→ **Action item**: Without the pictures, output all of the data exactly.

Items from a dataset
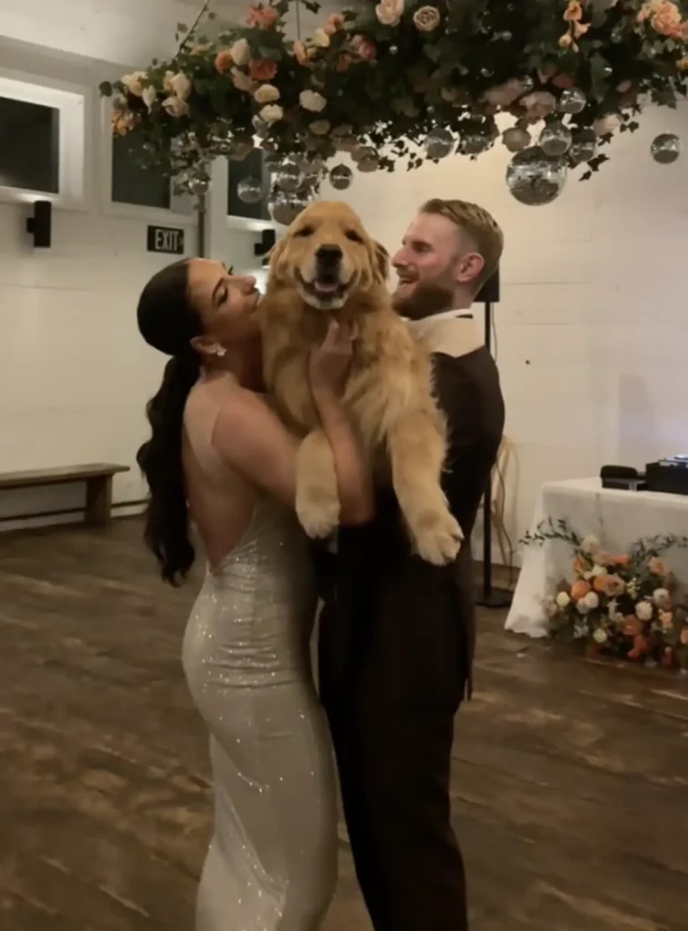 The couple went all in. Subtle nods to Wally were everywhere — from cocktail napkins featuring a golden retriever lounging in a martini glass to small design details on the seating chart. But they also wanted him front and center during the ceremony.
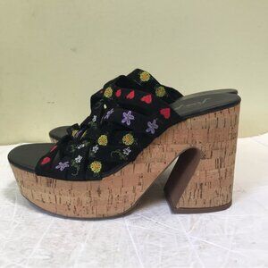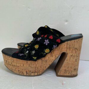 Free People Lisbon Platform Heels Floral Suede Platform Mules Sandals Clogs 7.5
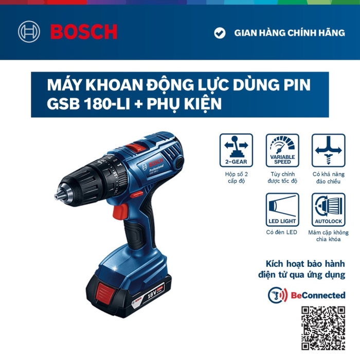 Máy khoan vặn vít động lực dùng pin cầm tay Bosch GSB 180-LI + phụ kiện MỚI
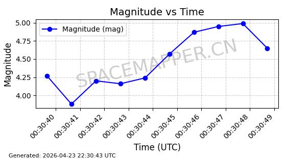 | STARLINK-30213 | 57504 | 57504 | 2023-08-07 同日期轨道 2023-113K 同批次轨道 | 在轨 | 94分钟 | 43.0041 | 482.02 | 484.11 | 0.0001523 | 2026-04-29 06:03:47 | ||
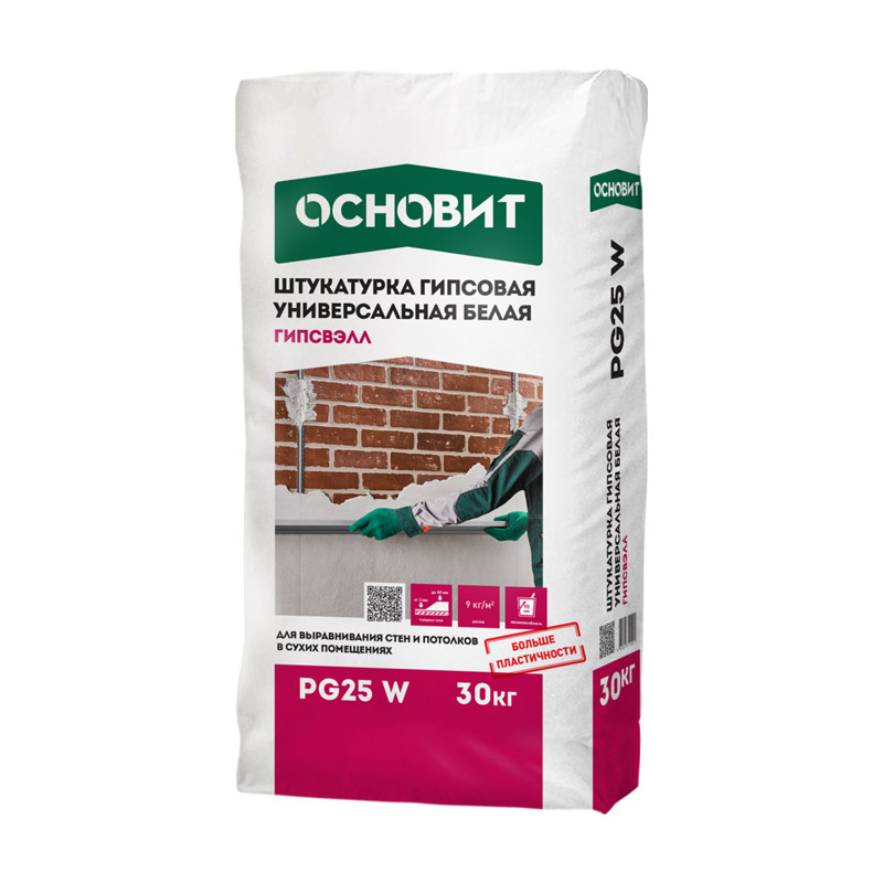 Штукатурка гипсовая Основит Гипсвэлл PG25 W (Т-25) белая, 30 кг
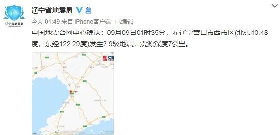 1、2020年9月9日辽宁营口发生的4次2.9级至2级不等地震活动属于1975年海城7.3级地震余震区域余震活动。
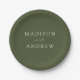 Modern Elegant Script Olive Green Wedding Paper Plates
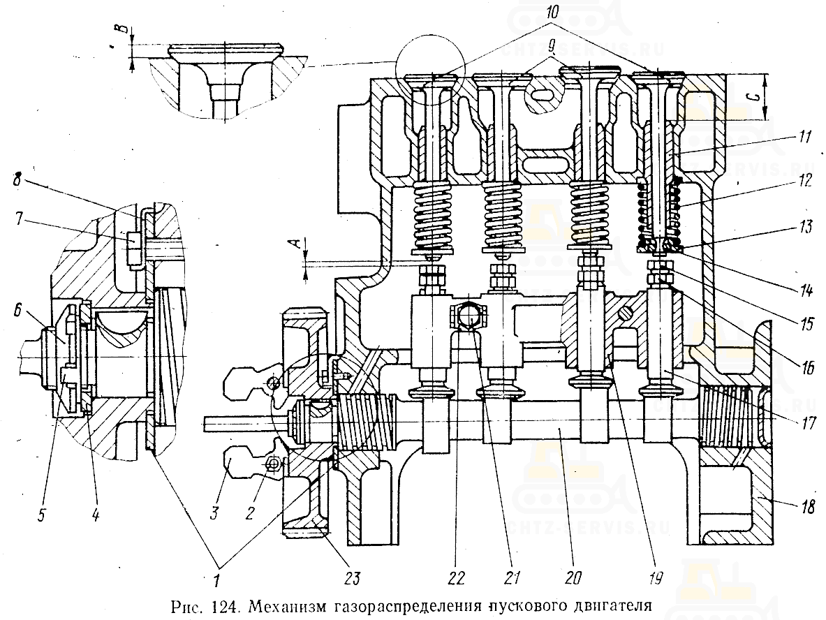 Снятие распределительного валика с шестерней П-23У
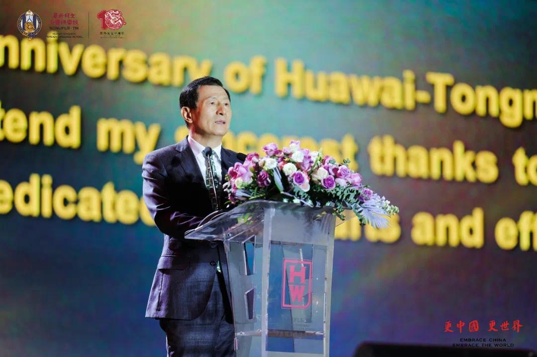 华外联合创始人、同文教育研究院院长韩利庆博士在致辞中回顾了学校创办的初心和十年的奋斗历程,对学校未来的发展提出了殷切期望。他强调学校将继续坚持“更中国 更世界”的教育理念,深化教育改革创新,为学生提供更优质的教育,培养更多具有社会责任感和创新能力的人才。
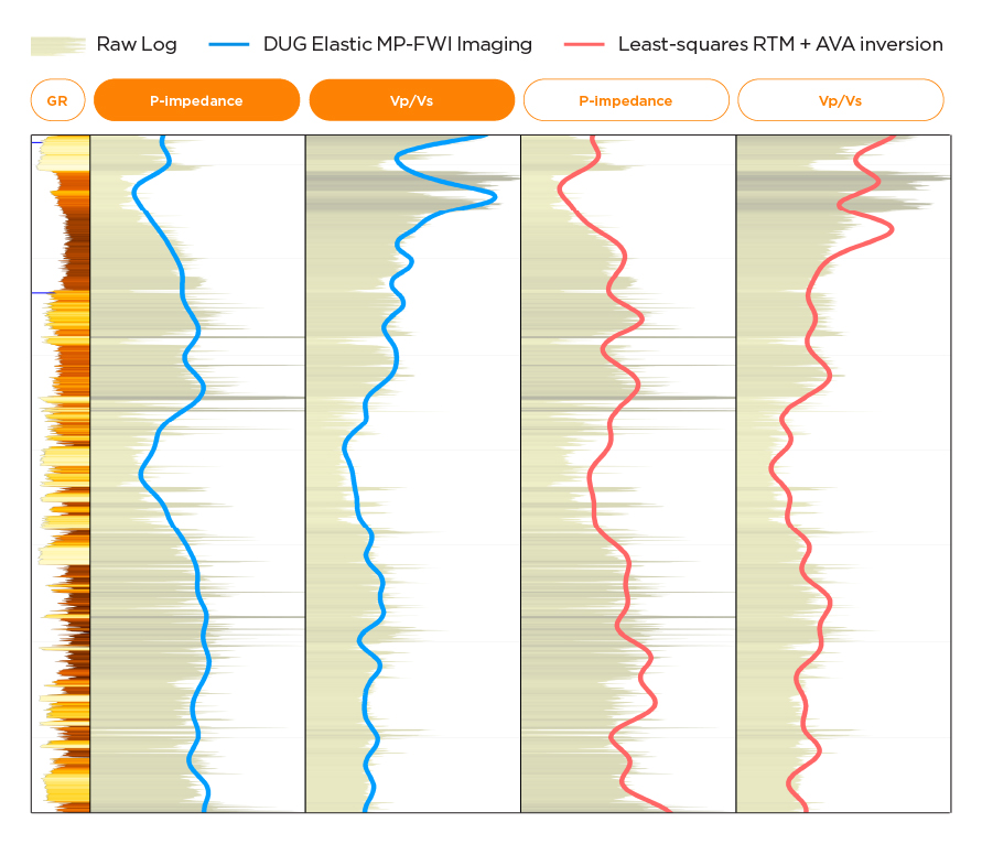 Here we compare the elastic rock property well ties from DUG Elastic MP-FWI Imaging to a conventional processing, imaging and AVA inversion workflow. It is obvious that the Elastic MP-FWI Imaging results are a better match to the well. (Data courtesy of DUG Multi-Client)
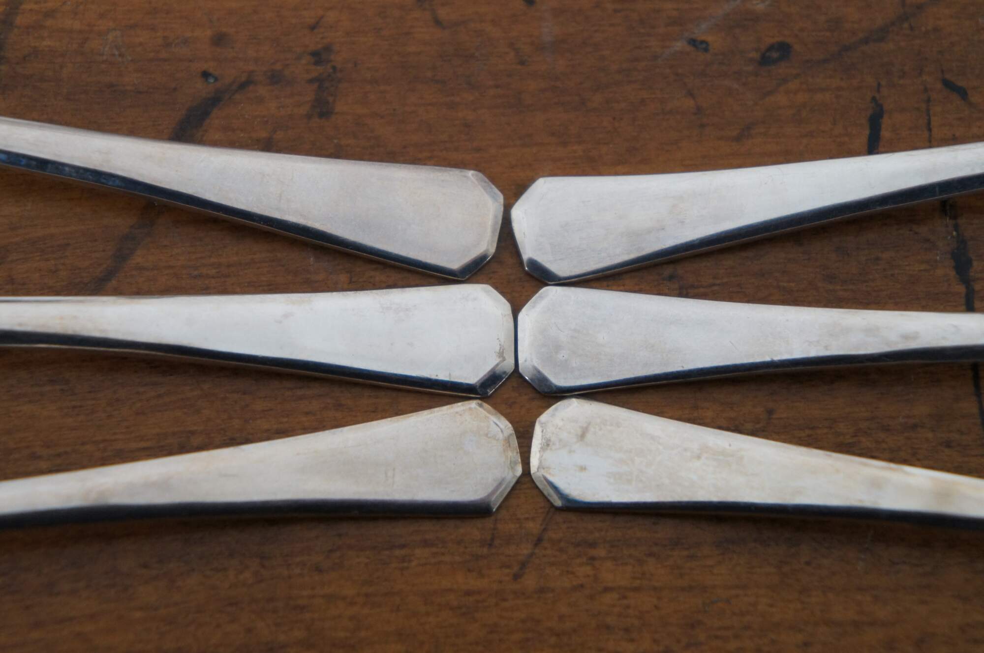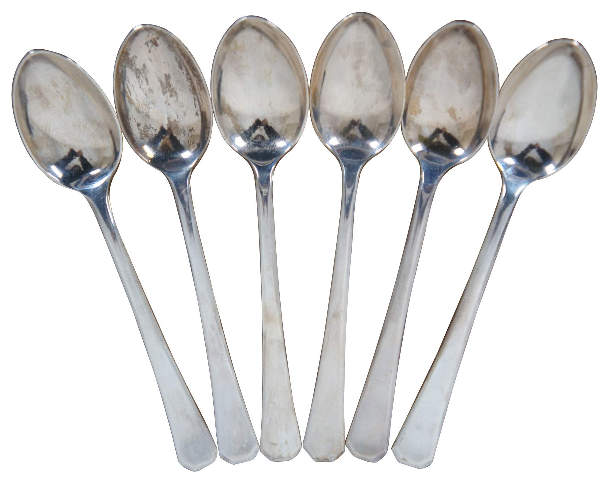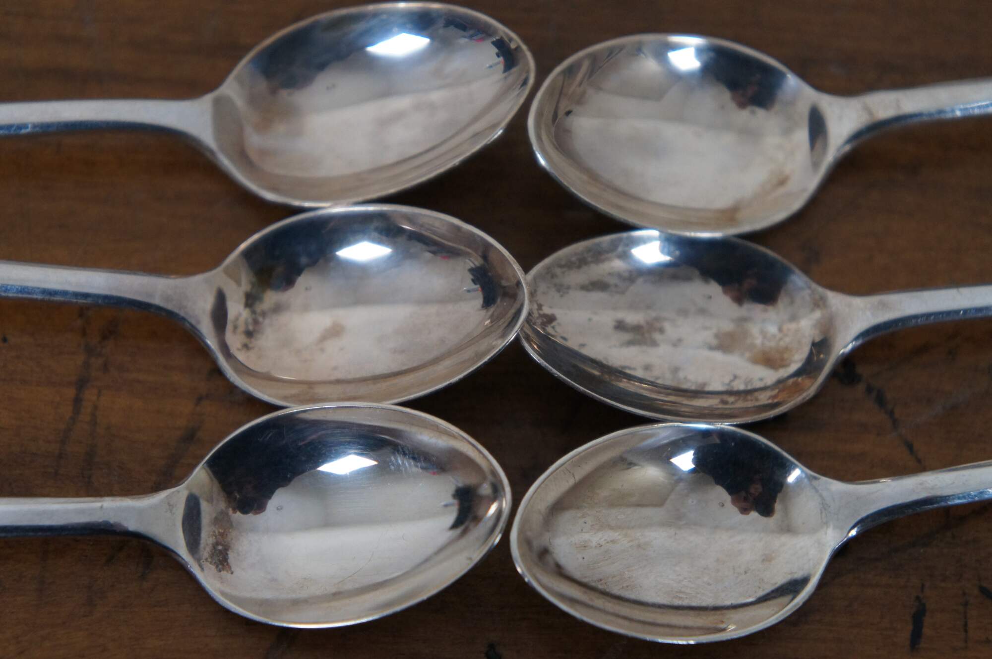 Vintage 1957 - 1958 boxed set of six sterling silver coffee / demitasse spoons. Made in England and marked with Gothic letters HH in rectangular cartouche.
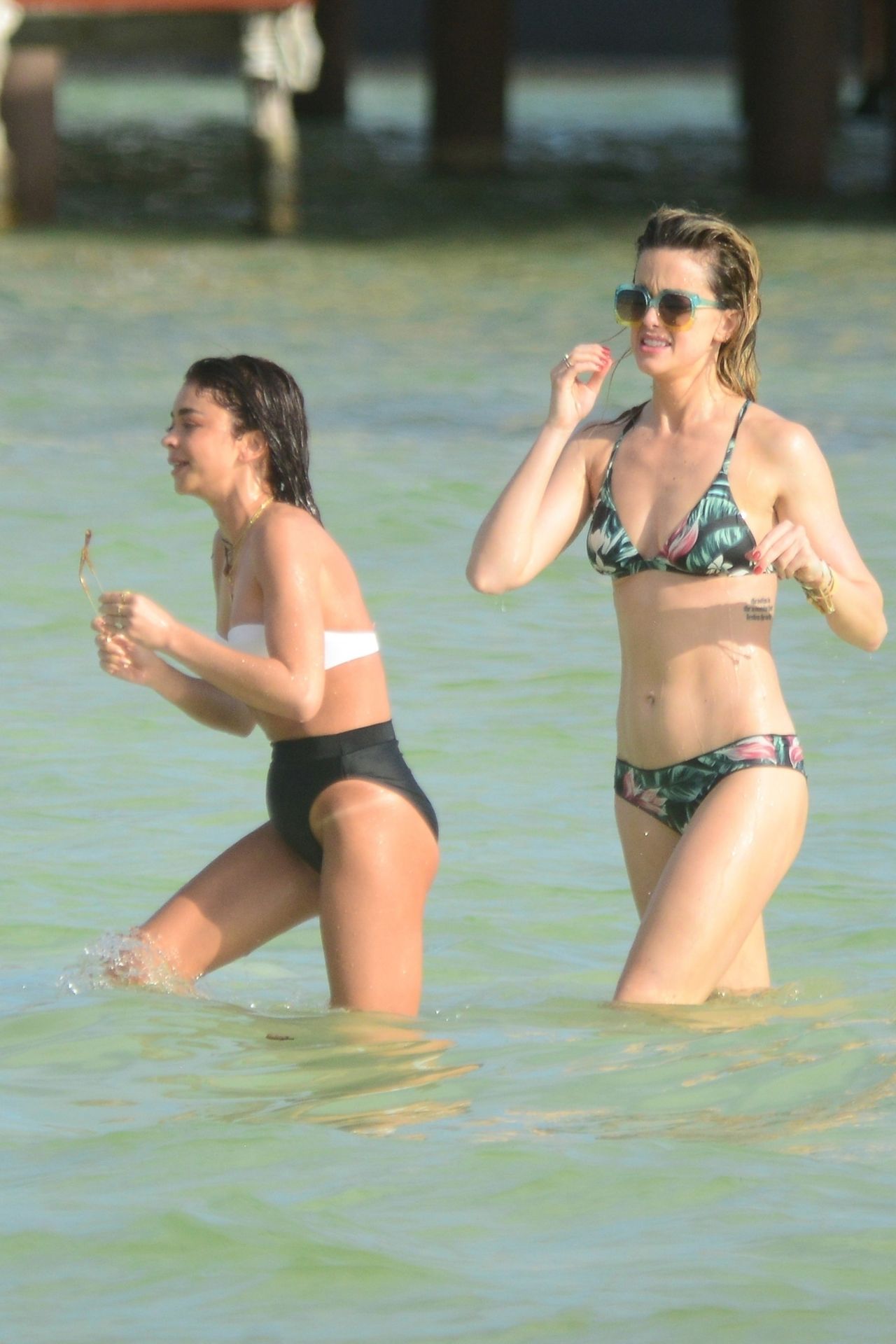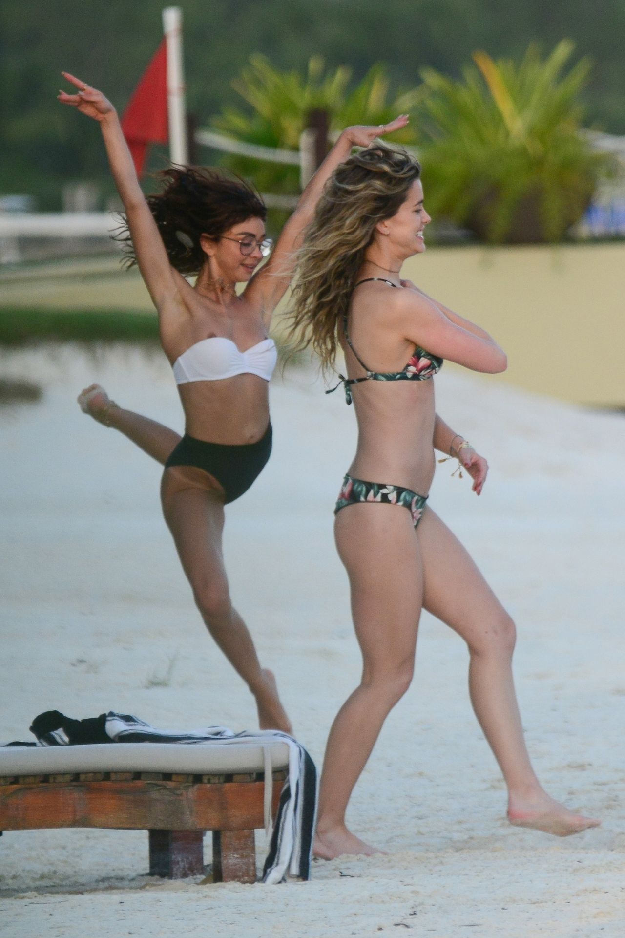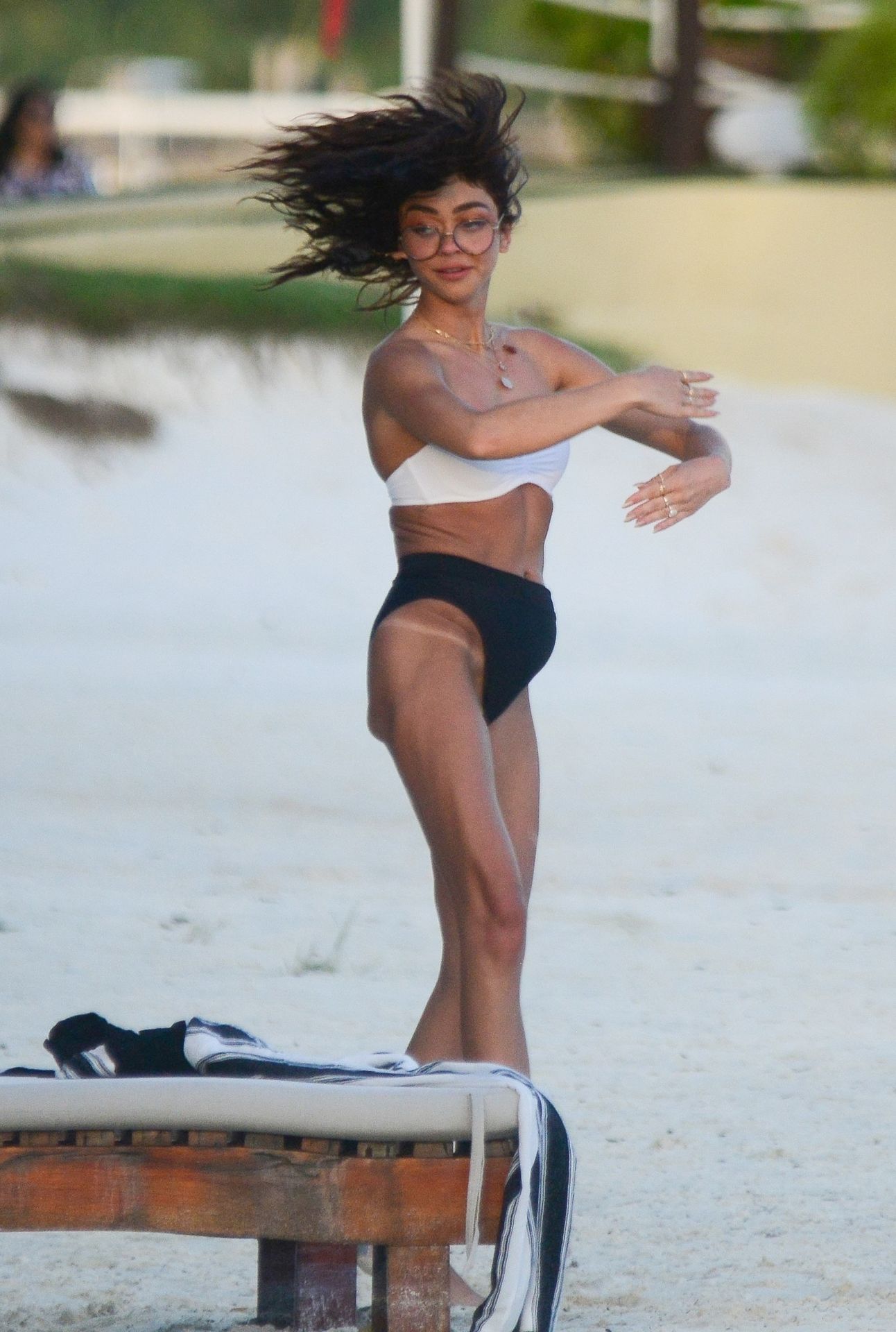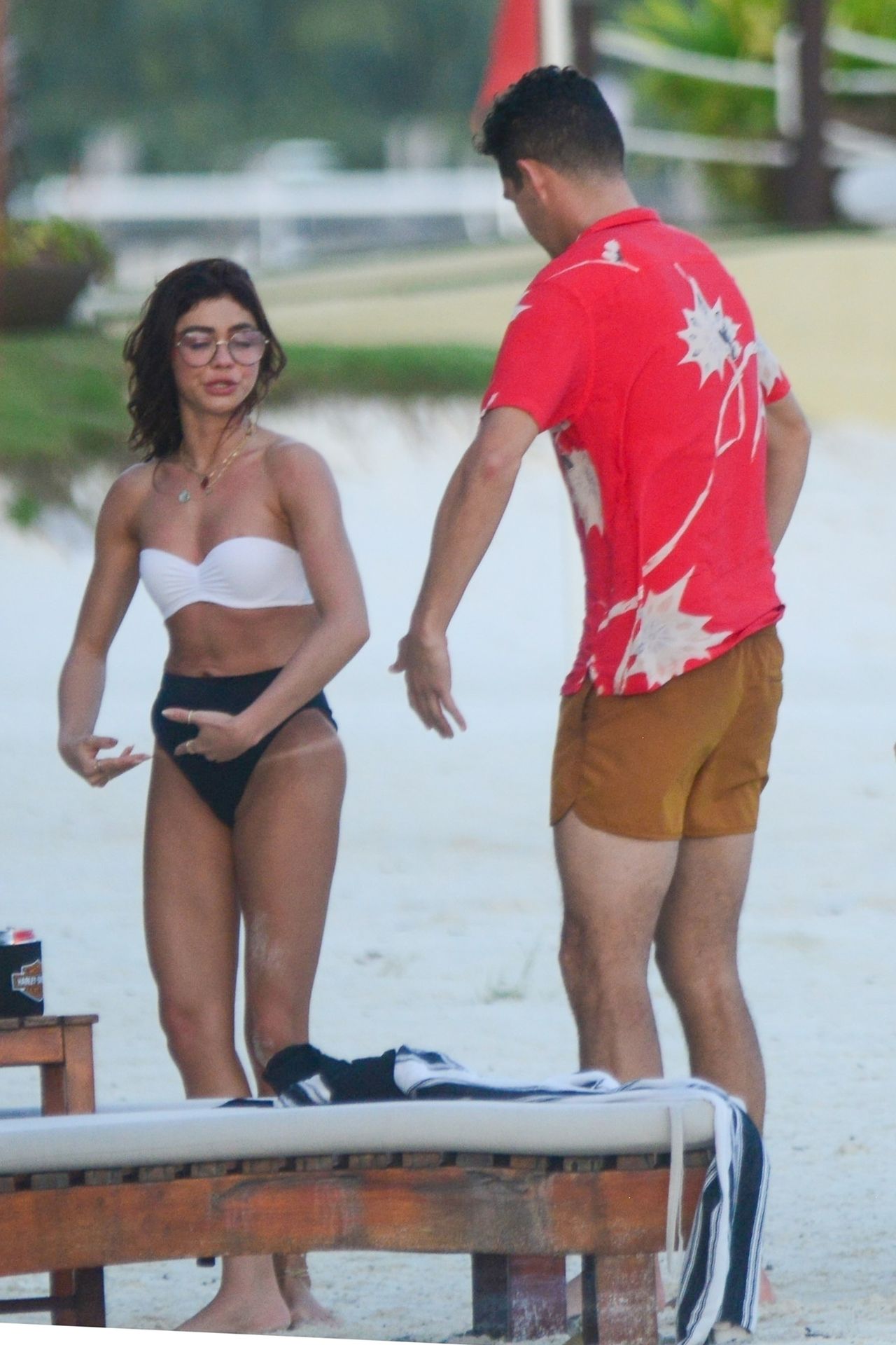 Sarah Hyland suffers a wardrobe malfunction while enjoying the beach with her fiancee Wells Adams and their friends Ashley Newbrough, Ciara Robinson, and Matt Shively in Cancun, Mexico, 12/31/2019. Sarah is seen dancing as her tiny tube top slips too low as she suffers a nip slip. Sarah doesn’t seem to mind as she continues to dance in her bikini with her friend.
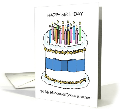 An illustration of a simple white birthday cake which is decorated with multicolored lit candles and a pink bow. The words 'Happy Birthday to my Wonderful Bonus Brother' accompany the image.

→ **Written solution**:
 The couple went all in. Subtle nods to Wally were everywhere — from cocktail napkins featuring a golden retriever lounging in a martini glass to small design details on the seating chart. But they also wanted him front and center during the ceremony.
 Free People Lisbon Platform Heels Floral Suede Platform Mules Sandals Clogs 7.5
 Máy khoan vặn vít động lực dùng pin cầm tay Bosch GSB 180-LI + phụ kiện MỚI
 | STARLINK-30213 | 57504 | 57504 | 2023-08-07 同日期轨道 2023-113K 同批次轨道 | 在轨 | 94分钟 | 43.0041 | 482.02 | 484.11 | 0.0001523 | 2026-04-29 06:03:47 | ||
 Штукатурка гипсовая Основит Гипсвэлл PG25 W (Т-25) белая, 30 кг
 1、2020年9月9日辽宁营口发生的4次2.9级至2级不等地震活动属于1975年海城7.3级地震余震区域余震活动。
 Modern Elegant Script Olive Green Wedding Paper Plates
 Снятие распределительного валика с шестерней П-23У
 华外联合创始人、同文教育研究院院长韩利庆博士在致辞中回顾了学校创办的初心和十年的奋斗历程,对学校未来的发展提出了殷切期望。他强调学校将继续坚持“更中国 更世界”的教育理念,深化教育改革创新,为学生提供更优质的教育,培养更多具有社会责任感和创新能力的人才。
 Here we compare the elastic rock property well ties from DUG Elastic MP-FWI Imaging to a conventional processing, imaging and AVA inversion workflow. It is obvious that the Elastic MP-FWI Imaging results are a better match to the well. (Data courtesy of DUG Multi-Client)
 Vintage 1957 - 1958 boxed set of six sterling silver coffee / demitasse spoons. Made in England and marked with Gothic letters HH in rectangular cartouche.
 Sarah Hyland suffers a wardrobe malfunction while enjoying the beach with her fiancee Wells Adams and their friends Ashley Newbrough, Ciara Robinson, and Matt Shively in Cancun, Mexico, 12/31/2019. Sarah is seen dancing as her tiny tube top slips too low as she suffers a nip slip. Sarah doesn’t seem to mind as she continues to dance in her bikini with her friend.
 An illustration of a simple white birthday cake which is decorated with multicolored lit candles and a pink bow. The words 'Happy Birthday to my Wonderful Bonus Brother' accompany the image.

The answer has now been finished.